* About this task: Look below for the line containing "Elke kaars bevat" and the line containing "12:30 鶏むねノンフライ", then set down both and every line between them exactly, without pictures.

* Records for this task:
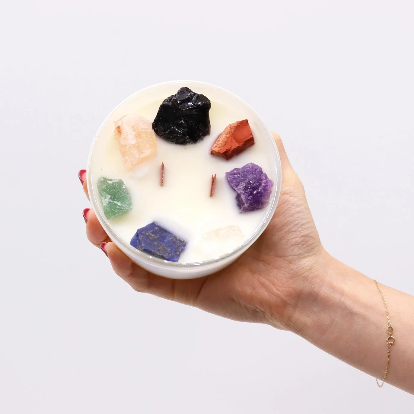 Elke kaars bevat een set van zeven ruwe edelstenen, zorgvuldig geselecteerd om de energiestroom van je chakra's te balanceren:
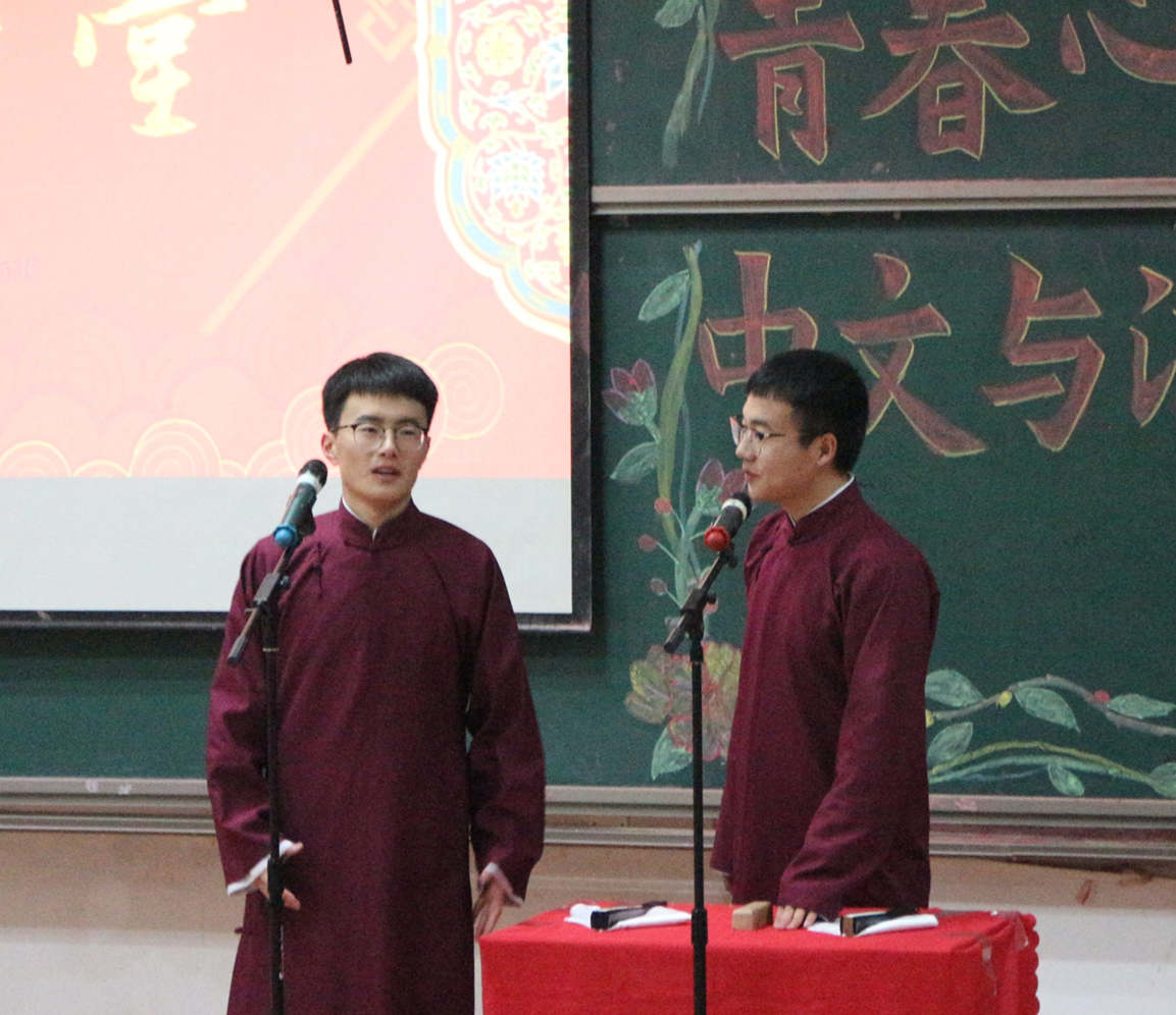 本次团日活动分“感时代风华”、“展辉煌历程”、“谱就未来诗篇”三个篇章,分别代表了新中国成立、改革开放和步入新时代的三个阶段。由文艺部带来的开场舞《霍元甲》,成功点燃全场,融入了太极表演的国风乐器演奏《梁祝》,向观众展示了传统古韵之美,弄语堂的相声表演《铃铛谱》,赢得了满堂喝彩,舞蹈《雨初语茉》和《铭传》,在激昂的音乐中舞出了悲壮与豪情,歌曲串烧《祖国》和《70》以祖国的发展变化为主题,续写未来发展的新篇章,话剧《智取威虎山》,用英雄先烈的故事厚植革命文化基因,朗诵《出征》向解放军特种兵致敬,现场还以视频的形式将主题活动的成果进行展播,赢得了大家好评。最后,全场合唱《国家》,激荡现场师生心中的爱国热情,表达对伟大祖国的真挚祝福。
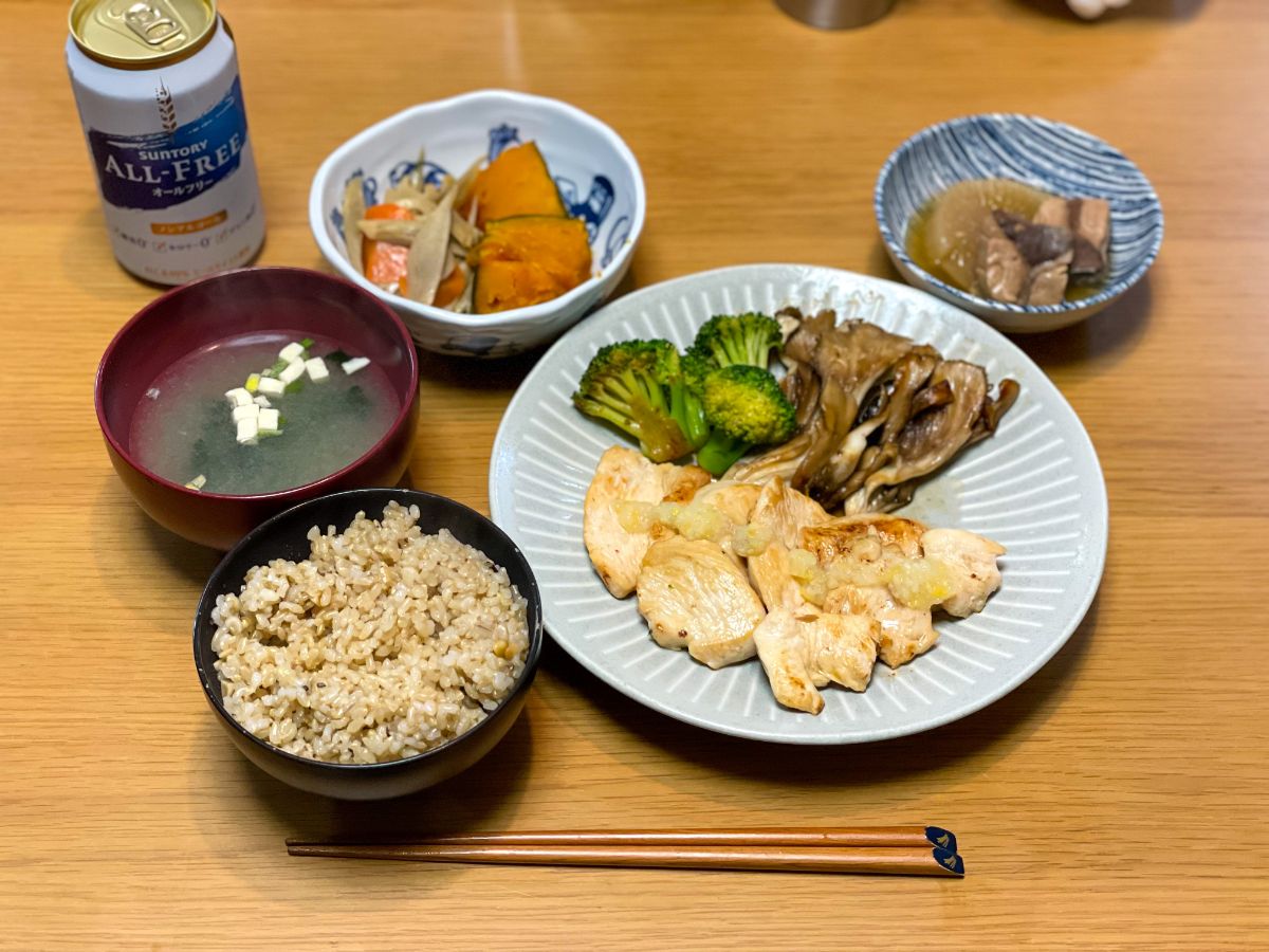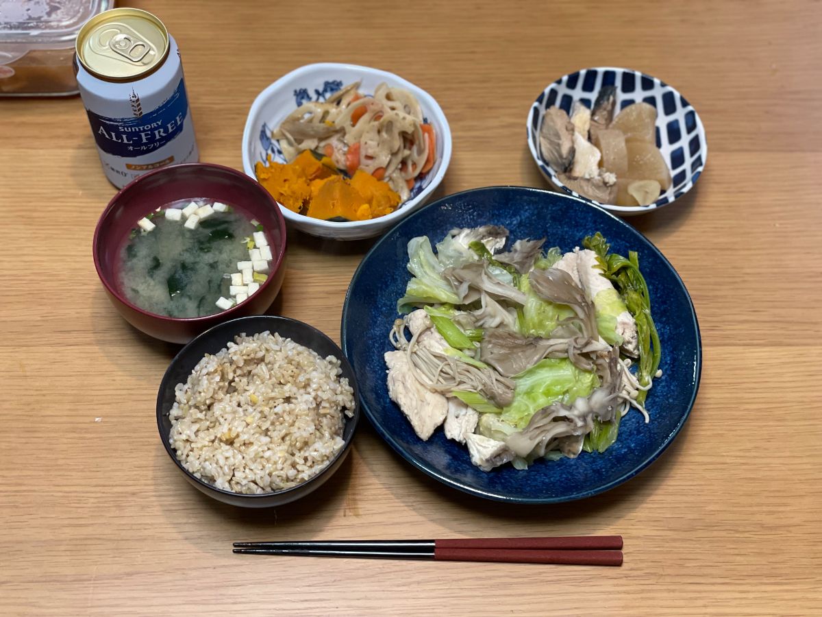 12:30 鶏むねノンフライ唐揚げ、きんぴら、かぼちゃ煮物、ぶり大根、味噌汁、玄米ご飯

---

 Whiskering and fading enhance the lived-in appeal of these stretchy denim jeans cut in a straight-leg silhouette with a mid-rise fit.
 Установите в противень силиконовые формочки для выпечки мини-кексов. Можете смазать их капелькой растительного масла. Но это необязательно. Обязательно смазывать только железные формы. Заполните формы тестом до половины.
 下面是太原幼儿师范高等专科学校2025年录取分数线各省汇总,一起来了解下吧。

* Written solution:
 Elke kaars bevat een set van zeven ruwe edelstenen, zorgvuldig geselecteerd om de energiestroom van je chakra's te balanceren:
 本次团日活动分“感时代风华”、“展辉煌历程”、“谱就未来诗篇”三个篇章,分别代表了新中国成立、改革开放和步入新时代的三个阶段。由文艺部带来的开场舞《霍元甲》,成功点燃全场,融入了太极表演的国风乐器演奏《梁祝》,向观众展示了传统古韵之美,弄语堂的相声表演《铃铛谱》,赢得了满堂喝彩,舞蹈《雨初语茉》和《铭传》,在激昂的音乐中舞出了悲壮与豪情,歌曲串烧《祖国》和《70》以祖国的发展变化为主题,续写未来发展的新篇章,话剧《智取威虎山》,用英雄先烈的故事厚植革命文化基因,朗诵《出征》向解放军特种兵致敬,现场还以视频的形式将主题活动的成果进行展播,赢得了大家好评。最后,全场合唱《国家》,激荡现场师生心中的爱国热情,表达对伟大祖国的真挚祝福。
 12:30 鶏むねノンフライ唐揚げ、きんぴら、かぼちゃ煮物、ぶり大根、味噌汁、玄米ご飯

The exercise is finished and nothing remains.